Thursday, February 14, 2013

Dating in Berlin


Life’s about learning lessons, and dating in Berlin has taught me a fair number of them. Many of these lessons are valuable, though there are a few I wish I could unlearn but can’t, the mental equivalent of an image so achingly awful that it has been scorched into your retinas for all eternity. These dating experiences, both good and bad, help shape our future behavior so that we can avoid repeating the bad ones: I will never again commit to watching a 3-hour  movie with a guy with greasy hair and noxious body odor who can’t hold a conversation unless it revolves around 3D film techniques, or sharing a pizza with a man who seems to only know how to talk when he’s currently chewing, whose flighty eyes can’t rest on anything for more than a few seconds without him starting to twitch. And ideally, fewer bad dates means more good dates, like going to a hipster bar on open mic night during which your date pulls out a bag of marshmallows and a wooden skewer, and you roast marshmallows together over a candle and laugh while collecting disdainful glances from nearby bar-goers like tiny victory trophies.

You can learn a lot about dating from HIMYM.
 
My hope is that in reading these stories, you will laugh and maybe wince at my mishaps, use my folly as your power, and try not think me too much of a basket case.

And use the truth to set you FREE!
 
Most of my comical dating anecdotes have their roots in a hilarious circus of doom known as OkCupid. For those of you who have the good fortune not to know, OkC is an online dating platform that has many, many disadvantages, the main one being that it happens to operate on the freemium model, meaning that anyone can sign up without having to pay a dime. The inevitable result is a gnarly cesspool of dating profiles, some belonging to some very, very lonely people, all managed with overall quality control that is sub-par at best. But the one major advantage is that everyone on there is available, or at least purports themselves to be. (This is the Internet, after all; even in the age of virtual self-projection via Facebook and Twitter, people still use it to lie about themselves.)

Then again, people are perfectly capable of lying without the help of the Internet.
Plus, OkC employs an interface which is rather user-friendly. I signed up for the site in Seattle a few months before moving to Berlin, but quickly realized that most of  the users in Seattle were flat-out crazy, and the ones that sent me messages tended to be the weirdest cream of the weird-guy crop. And the dudes that didn’t appear to be Bonkers McGee-insane had zero imagination with language proficiency levels to match, the result being that my inbox was filled with near-identical messages surrounding the central compelling theme of “hey baby, how u doin, u kno u wanna get wit me?”.
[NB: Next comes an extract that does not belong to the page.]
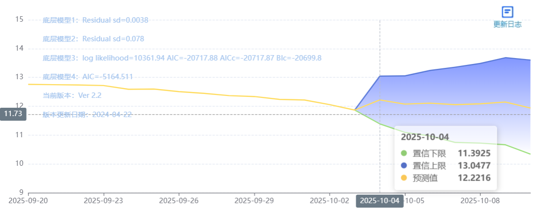 玄田算法是由项目课题组团队原创的非经典逻辑数值聚合理论和不确定性预测方法,构建了基于一致模算子的生猪价格预测模型。该模型采用的聚合函数及一致模相关理论与方法已获得多项国家自然科学基金和省级自然科学资金资助,并获得多项省级自然科学奖奖项。10月04日预测猪价为12.2216,置信区间在11.3925--13.0477之间。10月05日预测猪价为12.0770;10月06日预测猪价为12.1099。

Is it me you're looking for?
So I let my OkC profile lie dormant for a while. But once I landed in Berlin in the spring of 2011 and launched headfirst into 4 months of unemployment, I realized that my newly-minted singleton membership card combined with my lack of acquaintances in the city meant that I had to get out there. As a result, I spruced up my profile on OkC and started going on some dates.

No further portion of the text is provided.